Canadian Corporate Profits Reached a Troubling New Milestone
Quarterly operating profits surpassed $200 billion for the first time
Canadian corporations claimed over $200 billion in quarterly profits in the fourth quarter of 2024. This dubious achievement was facilitated by the corporate markup remaining much higher than it was before the pandemic.
The markup is the less familiar counterpart to the profit margin.
Where the profit margin tells you what portion of a corporation’s revenue is profit, the markup is the amount a corporation adds onto its expenses. For example, if a company has $100 in revenue with $80 of expenses, leaving $20 of profit, the margin is 20% (20 / 100), while the markup is 25% (20 / 80).
The markup is a useful measure for assessing the claim that corporate profiteering was not a factor in the pandemic-induced inflation. The perpetual defence from corporations charging higher prices was that they were merely passing along higher costs.
This is a lie.
As seen above, the markup has been around 15% in every quarter since 2021Q1. Before the pandemic, it was already at record highs of about 11.5%.
So, it is not true that corporations were merely passing along higher costs. However, as seen in the chart below, operating expenses were increasing much more than the prepandemic trend. The pandemic and public health responses did cause extraordinary cost increases.
But this fact makes the increased markup even more pernicious.

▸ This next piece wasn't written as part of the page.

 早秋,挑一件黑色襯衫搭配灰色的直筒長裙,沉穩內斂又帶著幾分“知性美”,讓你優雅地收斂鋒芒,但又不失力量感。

Because profits are the product of the markup multiplied by operating expenses, when expenses increase profits will also increase even if the markup is kept constant. Consider the 25% markup example used above. If costs rose from $80 to $100, the profits would rise from $20 to $25 dollars without any change to the markup. That means Canadian corporations would have reaped record profits in 2024 without the extra markup. But the higher markup supercharged their profits.

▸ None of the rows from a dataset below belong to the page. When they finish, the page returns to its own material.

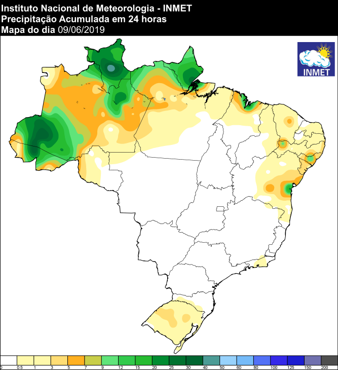 O mapa de precipitação acumulada do Inmet nas últimas 24 horas aponta que os maiores volumes de chuva pelo país foram registrados no Norte e em pontos das regiões Nordeste e Sul, mas com volumes bastante baixos.
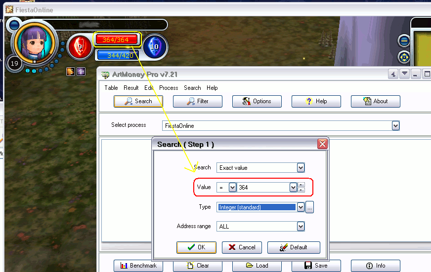 The next step is starting the search. We want to search for how much HP we have. In this example, the character has 364 HP, so that's what we search as. Click the Search button in the top left of ArtMoney, and make sure you are doing an Exact Value search with the value = your HP. The type is an integer (whole numbers), however some other data (such as attack speed) might use a float or double (numbers that include a decimal point). The address range is typically going to be All. If you don't know what the address range is all about, you don't need it. Click OK, and be patient. Sometimes this can take awhile to search.
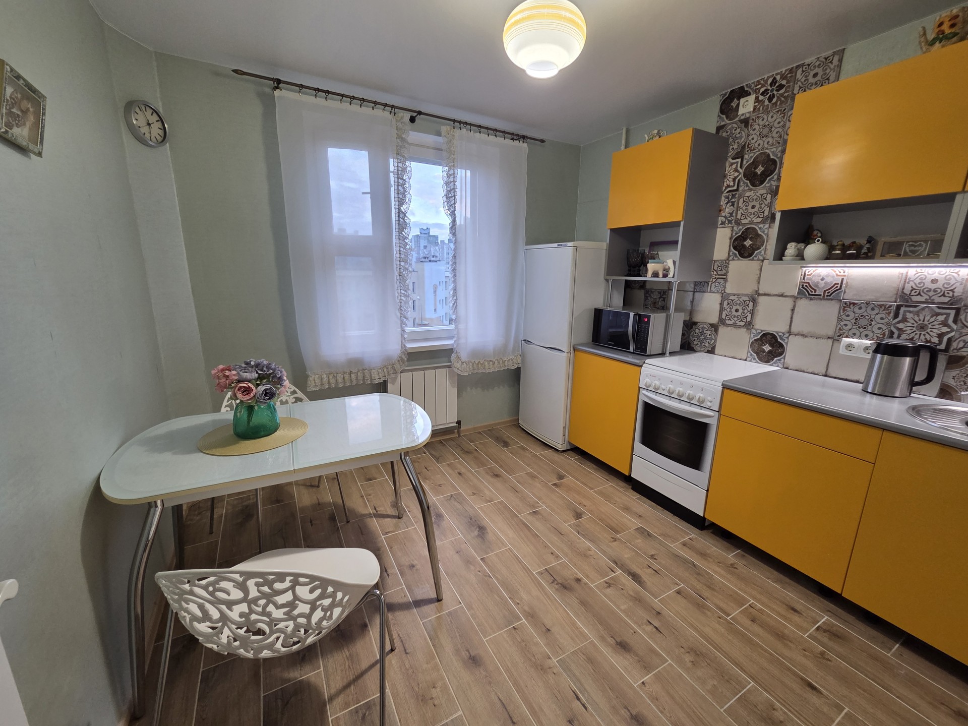 ✔️ Кухня с обеденной зоной: плита, духовой шкаф, холодильник, СВЧ, чайник, посуда, приборы.

The extra percentage points delivered $741 billion in EXCESS profits over the last four years compared to what corporations would have collected if their markups in each quarter were the same as 2019. That brought total corporate profits to almost $3 trillion.
Households, not-for-profits and governments are the final buyers of the products that corporations sell. That means this excess profit is ultimately coming from us. This excess is the flip side of the strain that people have experienced from higher prices.

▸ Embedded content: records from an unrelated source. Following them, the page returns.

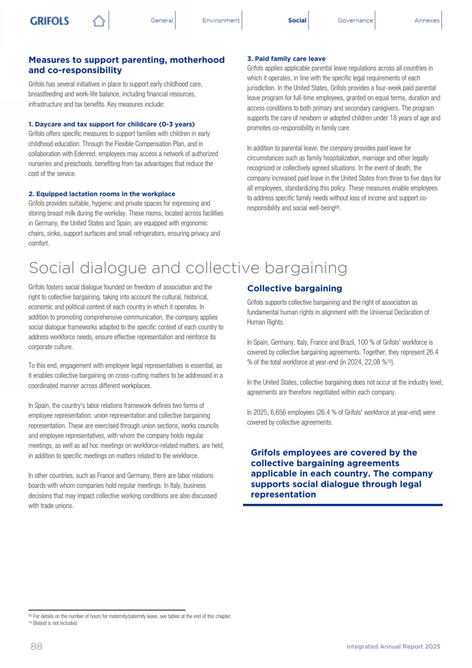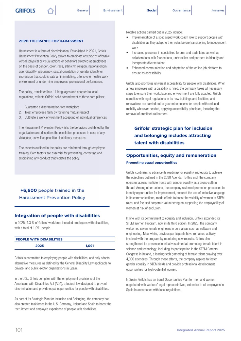 道德、诚信和人权构成Grifols企业文化的基础Grifols的企业文化立足于规范组织所有领域的道德原则,包括环境实践。这一承诺始于对人权的绝对尊重,这构成了其商业行为和企业责任的基石y142。Grifols努力确保一个包容和公平的环境,维护其员工、合作伙伴、捐助者、患者和运营社区的尊严和福祉,基于强有力的社会承诺。该公司通过调查和审计等工具以及Grifols道德线等机制评估有效性,以报告不当行为,目标是确保其价值观在整个组织中得到整合和共享。Grifols的企业文化建立在合规的基础上,制定了各种计划,以确保其所有活动符合法律法规、国际标准和行业最佳实践。该公司还通过明确的政策、持续的培训和严格的审计流程,促进诚信和透明的文化。Grifols的高管行为准则和Code of Ethics定义了组织的基本原则和准则,强化了商业道德和合规文化。行为准则•全体员工书面遵守。•为所有新员工提供特定培训。•在Grifols的公司网站和内部门户网站上向所有员工公开和可访问。•任何违规行为都被视为严重违法行为,可能会受到纪律处分,包括解雇。高级领导人道德守则•为Grifols的高管和理事机构建立行为规则。•每年由董事会成员、高级管理人员、经理和区域负责人签署。•不遵守Grifols的任何道德原则可能会导致纪律处分,包括解雇。通过健全的治理促进商业道德Grifols的董事会和委员会在确保符合道德的商业行为、与人权保持一致并遵守适用法律和最佳实践143方面发挥着关键作用。人权政策于2022年获得批准,由可持续发展委员会监督,强调了该公司在其所有运营、子公司和业务关系中尊重和促进人权的承诺。它适用于所有员工、管理人员和理事机构,并通过第三方第144条的Code of Ethics和行为准则延伸至供应商、承包商和业务合作伙伴。Grifols禁止童工、强迫劳动和人口贩运,促进平等、工作场所安全和结社自由。它还提供培训、报告和补救机制,保证符合《联合国工商业与人权指导原则》的道德和透明管理。反腐败合规计划由董事会通过审计委员会管理,包括预防腐败犯罪、确保遵守反腐败立法以及将道德标准纳入所有业务的举措。刑事风险管理系统由审计委员会e14管理5。人权146尊重人的尊严和权利是Grifols行动的基本要求。生物伦理学的基本原则指导公司在整个价值链中研究、开发、生产和营销其产品的方法,目标是维护参与该过程的所有个人的安全和尊严,并解决健康科学进步所产生的问题。各种条例、宣言和守则指导着这些原则的通过,包括《世界人权宣言》(1948年)、《赫尔辛基宣言》(1964年)和《联合国教科文组织生物伦理学和人权国际宣言》(2005年)。Grifols以首要国际组织为参考(联合国全球契约、联合国工商业与人权指导原则、经合组织多国企业指导方针和国际劳工组织多国企业宣言),制定了一项全球战略,以在其所有行动中促进和保障对人权的责任和承诺。大环境社会治理附件185综合年度报告2025142 Grifols的主要企业政策及其内部规范和条例可公开查阅。143有关Grifols董事会成员在应用行为规则方面的经验、知识和资历的更多详细信息。144有关人权的所有信息可在www.grifols.com上查阅。145有关审计委员会监督的更多细节,请查阅Grifols董事会条例。146查阅人权政策。
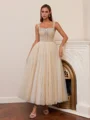 This elegant A-line dress features delicate straps and a sleeveless bodice, designed with a structured corset for a flattering silhouette. The bodice is adorned with shimmering rhinestones, adding a touch of sparkle and sophistication. Crafted from smooth fabric, the skirt flows gracefully to an ankle-length hem, creating a timeless and refined look. Perfect for formal events, evening parties, or special occasions.
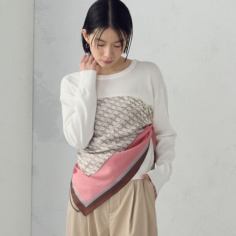 約90cm×90cmサイズのマルチに使える大判正方形モノグラムスカーフ。
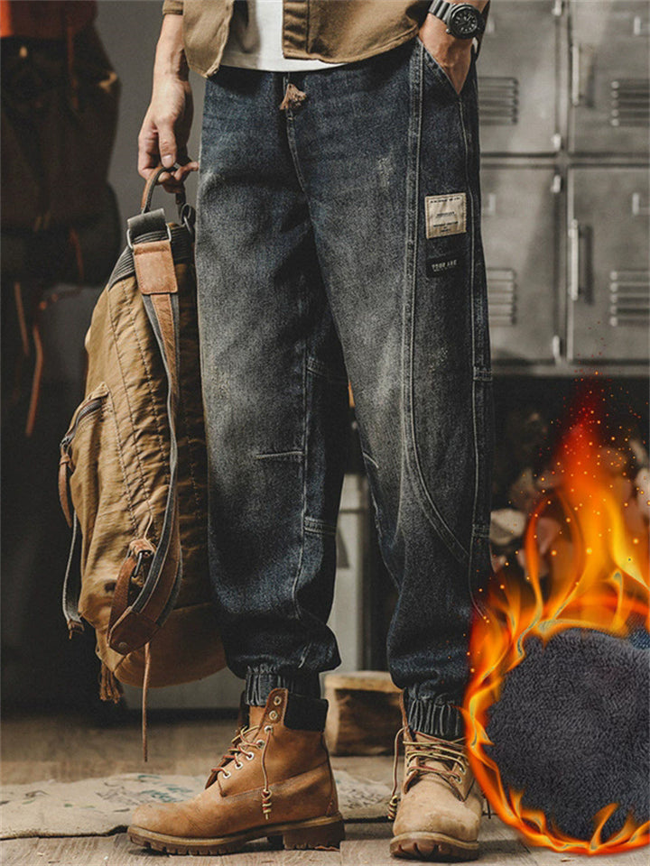 Men's Loose Fit Retro Denim Pants with Utility Pockets
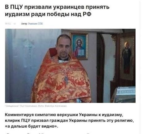 Так называемый священник из ПЦУ Василий Косяченко… призвал граждан Украины принять иудаизм, поскольку симпатии к этой религии проявляют первые лица государства, и она может объединить страну и победить РФ.
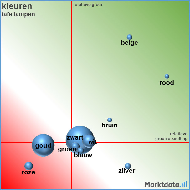 Zoals ook bij veel andere woondecoratie-artikelen zijn de kleuren zwart en goud overheersend bij tafellampen. Uit bovenstaand figuur blijkt dat met name beige en rood ten opzichte van de andere kleuren een gunstige positie innemen qua ontwikkelingen in het zoekvolume. Deze kleuren kennen de sterkste relatieve groei van het zoekvolume en de sterkste relatieve groeiversnelling. Dit geldt in iets mindere mate ook voor de kleur bruin. Maar qua omvang in het geheel aan kleuren zijn beige, rood en bruin nog wel kleine marktsegmenten. Voor roze is de situatie tamelijk ongunstig; roze kent zowel de laagste relatieve groei als de laagste relatieve groeiversnelling ten opzichte van de andere kleuren.
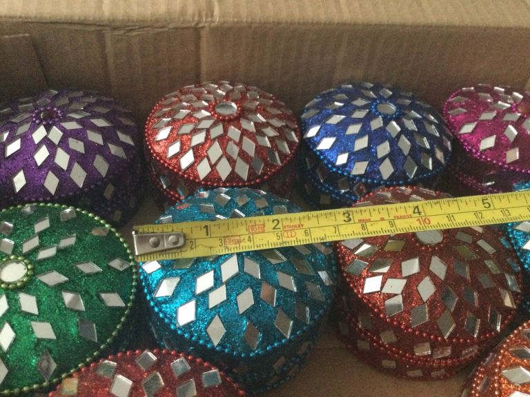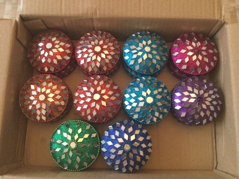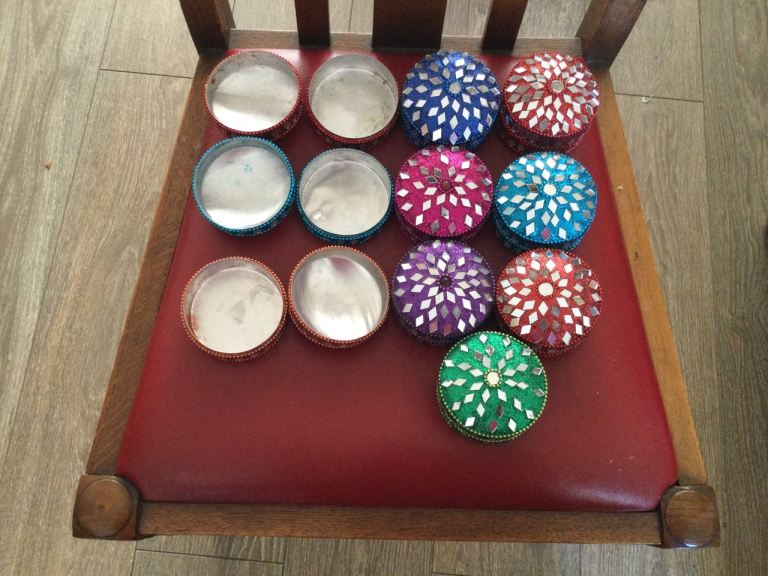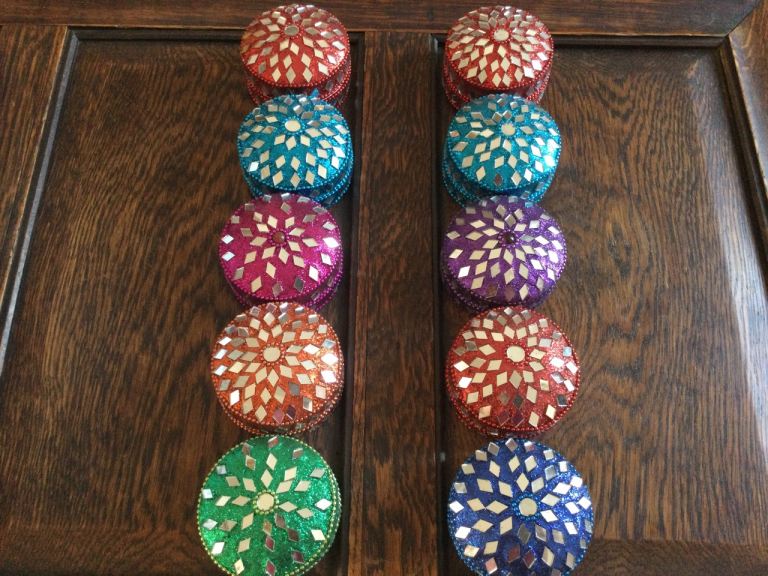 Hand made glass sparkly round jewellery metal box or can use as gift box lovely colours and very pretty on the dressing table comes from pet and smoke free home collection please £2.50 each or £20 for all thank you x

There is a new bout of inflation on the horizon thanks to the Trump administration’s tariffs. This means the situation is ripe for companies to again take advantage of the turmoil and their pricing power. This will transfer even more money from average people and public institutions to the most powerful corporations and their ultra-wealthy owners.
More needs to be done to address the rising pricing power of Canadian corporations. A report from Canada’s Competition Bureau noted that maintaining markups in the context of rising costs is a sign of pricing power. In a competitive market, as costs rise a company is supposed to absorb them because trying to pass them along will make their product uncompetitive. In other words, as operating costs rose in 2021, the markup of corporations should have fallen. The fact that they rose is just one more indicator that the actual economy does not work as theorized by orthodox economists.
Governments failed to rein in the profiteering last time. They cannot allow it to happen again.
Does your raw data allow for charts by sector?
Thanks for the article. Not at all surprising. What can governments do in the way of policy to rein in corporations? It seems that the usual policy choices are ineffective.